Datetime, pytz and strange offset

David Pratt fairwinds at eastlink.ca
Tue Dec 13 05:48:25 EST 2005


Hi. I am creating a couple of small methods to help me manage time from 
UTC as standard but I am getting strange results.

If I start with a datetime of 2005-12-12 14:30:00 in timezone 
'America/Halifax'
and I want to turn this into a UTC representation.

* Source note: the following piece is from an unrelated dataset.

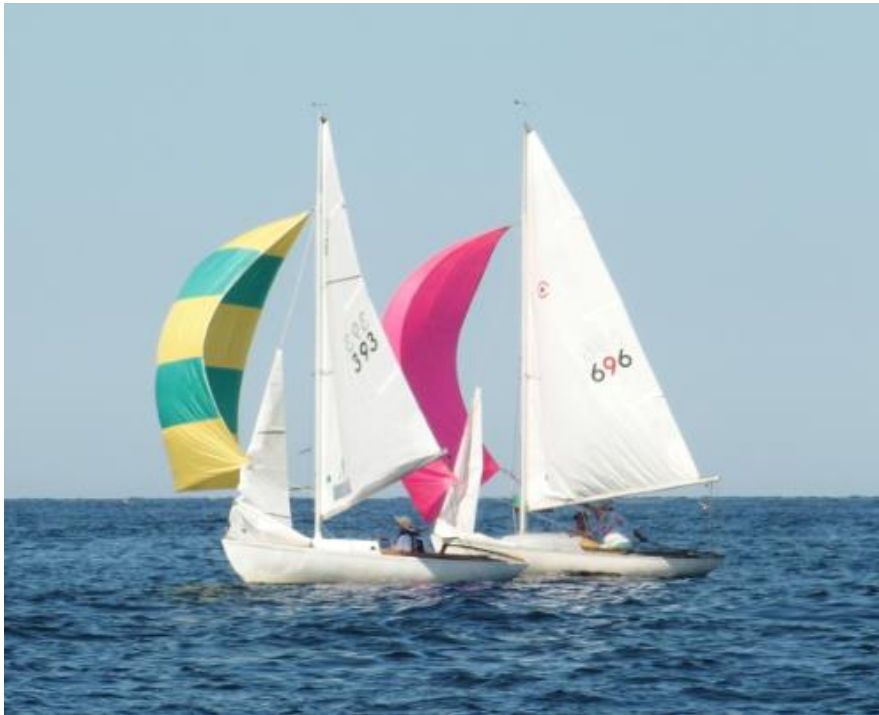
Photo from 2021 Bullseye Nationals Photos, Bullseye Sailing Assn
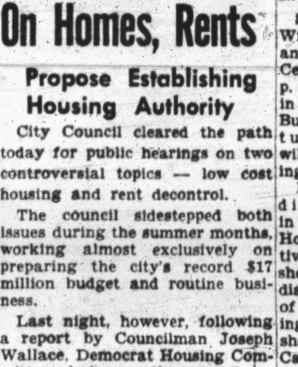
City Council member

Propose Establishing Housing Authority City Council cleared the path today for public hearings on two controversial topics — low cost housing and rent decontrol.

from datetime import datetime
from pytz.reference import UTC
import pytz

fmt = '%Y-%m-%d %H:%M:%S %Z%z'
tz = pytz.timezone('America/Halifax')
dt = datetime(year=2005, month=12, day=11, hour=14, minute=30, second=0, 
microsecond=0, tzinfo=tz)
print dt.strftime(fmt)

This is giving me a strange offset of -0414 and LMT timezone.
ie. 2005-12-12 14:30:00 LMT-0414
I am not sure where this is coming from

To get the utc equivalent using dt = dt.astimezone(UTC) I get this 
strange result which is obviously also not correct:
# '2005-12-12 18:44:00 UTC+0000'

If I do datetime.now instead with the same timezone I get the correct 
timezone and correct offset.

ie.
dt = datetime.now(tz=tz)
# '2005-12-12 21:37:17 AST-0400'

If I get now time from this as utc it is correct
dt = dt.astimezone(UTC)
# '2005-12-12 01:37:17 UTC+0000'

If I do a different timezone of 'America/Vancouver'
I get something appropriate for the 2:30 case

tz = pytz.timezone('America/Vancouver')
dt = datetime(year=2005, month=12, day=12, hour=14, minute=30, second=0, 
microsecond=0, tzinfo=tz)
print dt.strftime(fmt)
# 2005-12-12 20:30:00 PST-0800

I am not sure why I am getting  -0414 and LMT for 'America/Halifax' 
timezone? Is this a bug in the pytz package? Many thanks.